The service she was rendering the young people could not fail to dispel their parents' prejudices against the wife of the strolling actor, and make them endeavor to draw her to their houses. But on this point she was inexorable. "I detest these provincial entertainments," she said to me. "I will cheerfully give the people among whom I live as much of my life as can be of service to them, but the rest I will keep for myself. To sit on the sofa a whole evening between the wives of the burgomaster and the councilor, and talk about servants and betrothals, would kill me. Besides, my opinions would rouse their displeasure before an hour was over. There is where Mother Schulzen, Mother Grabow, and the other five Fates deserve praise. They think me a saint, though I don't go to church."

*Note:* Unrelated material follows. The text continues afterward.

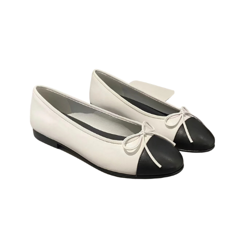 Ballerines de danse en cuir véritable faites à la main pour femmes, chaussures plates peu profondes classiques, nœuds papillon

But, while she retained this view and avoided the society of the mothers, she was all the more friendly in her intercourse with the daughters. Every other Sunday her pupils, about twenty in number, were allowed to spend the evening with her, and she gave them a little supper of tea, cake, and bread and butter. But these pleasant meetings were not intended merely for merry talk with the children--they were expected to produce better results. She read to them from the works of our classic writers the most beautiful and ennobling selections adapted to their age and culture, a couple of acts from one of Schiller's tragedies, which they were afterward to finish at home, once the whole of Iphigenia, at another time ballads from Goethe and Uhland, and then let her youthful audience express their ideas of what they had heard, only adding a few wise remarks of her own.